What stayed with me most about that pediatric oncology floor was how alive it felt. I had expected sorrow but found vibrancy. I had expected solemnity but found laughter and energy. Not to mention gossip and pizza!
It was the nurses who brought that about. 
They created a space where children could experience the profoundly important sense of belonging, where illness did not erase identity, where connection replaced isolation. They cultivated a community that nurtured the children and, in many ways, nourished themselves.
It was, and remains, one of the most inspiring things I have ever witnessed.

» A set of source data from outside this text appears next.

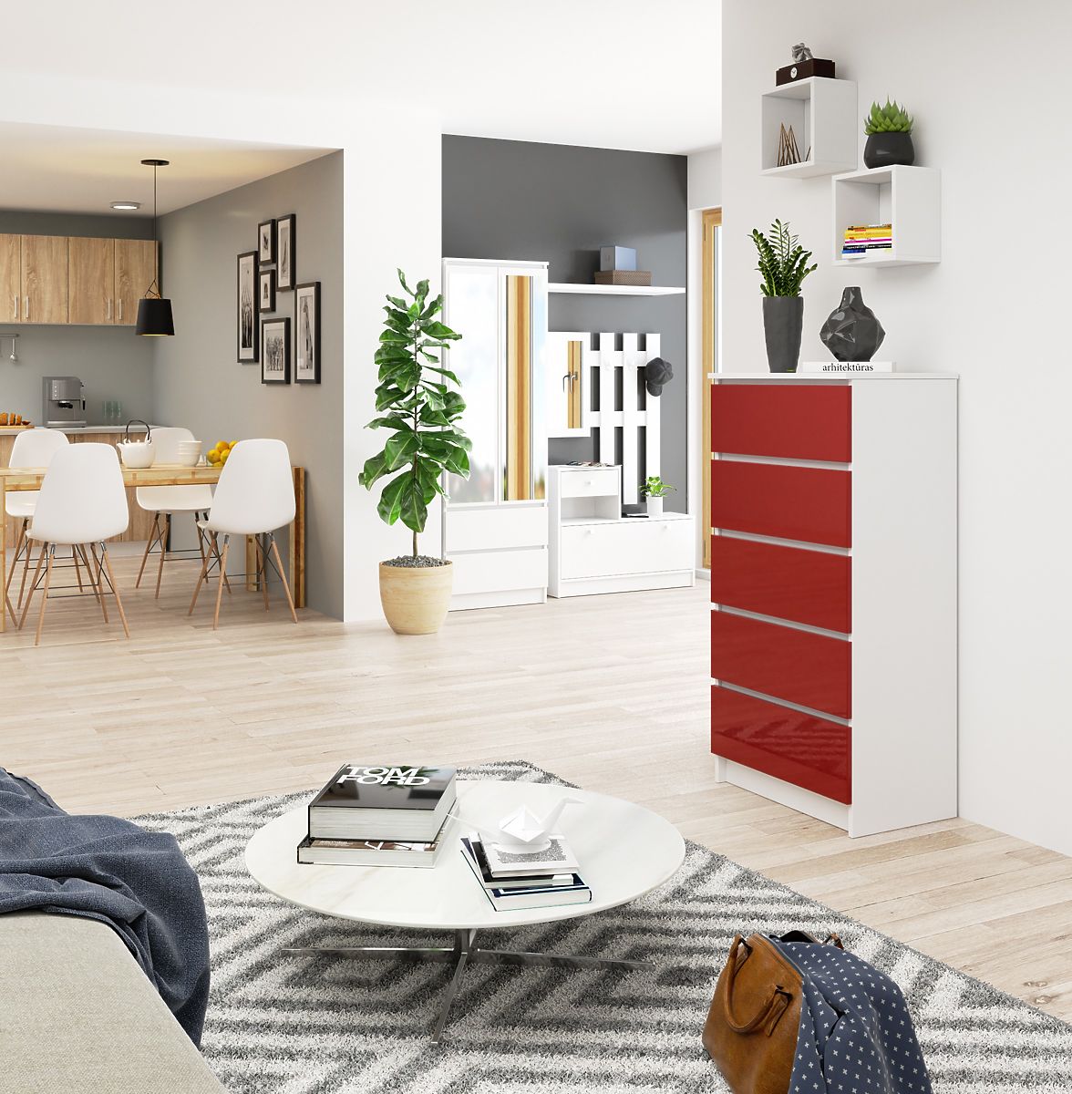 Komoda K60 s piatimi zásuvkami v červenom lesku. .. viac
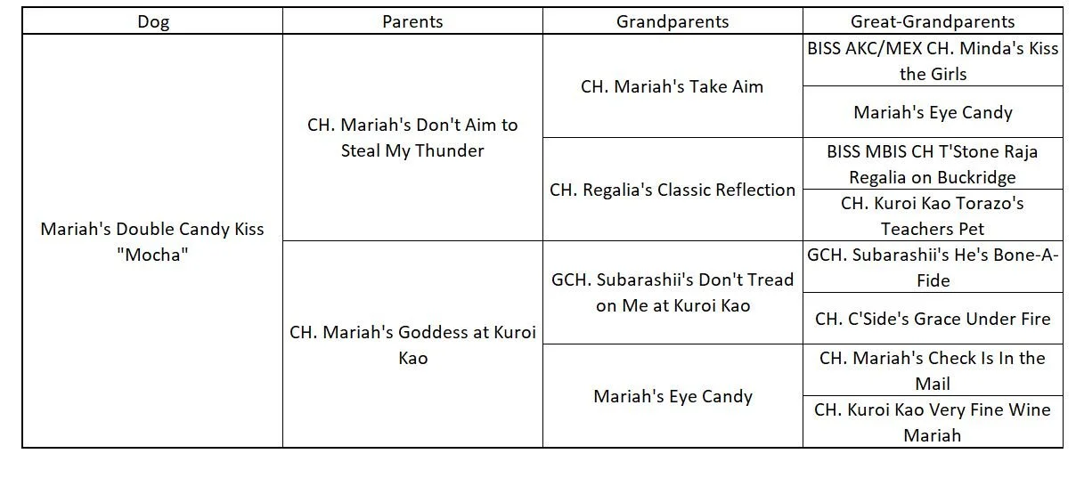 CH. Mariah’s Double Candy Kiss “Mocha”
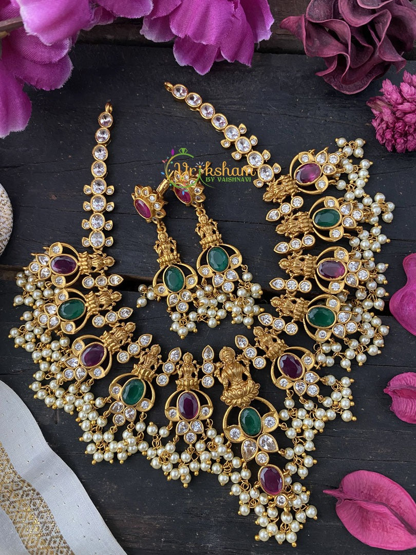 For similar neckpieces kind visit, https://vrikshamindia.com/product-category/golden-jewellery/short-neckpieces/

At the close of that first unforgettable encounter, and what has stayed with me for decades, was a broader conviction about nurses. I have worked with hundreds, maybe thousands, of dedicated nurses over the years. Long after specific moments blur, just like the nurse reassuring J.J. in the elevator, the extraordinary work of nurses remains unmistakable. It so often unfolds without applause, without headlines, and without full recognition, yet it forms the foundation on which all patient care rests.
Their watchful closeness and expert hand reassure us that even in the most frightening circumstances, we, as patients, are understood, supported, and never left to face the challenge and uncertainty of illness on our own.
Nurses are not simply the executors of medical plans. They are the grounding presence that makes those plans livable, comprehensible, and humane. They are the backbone of care not because they do everything, but because they make everything possible.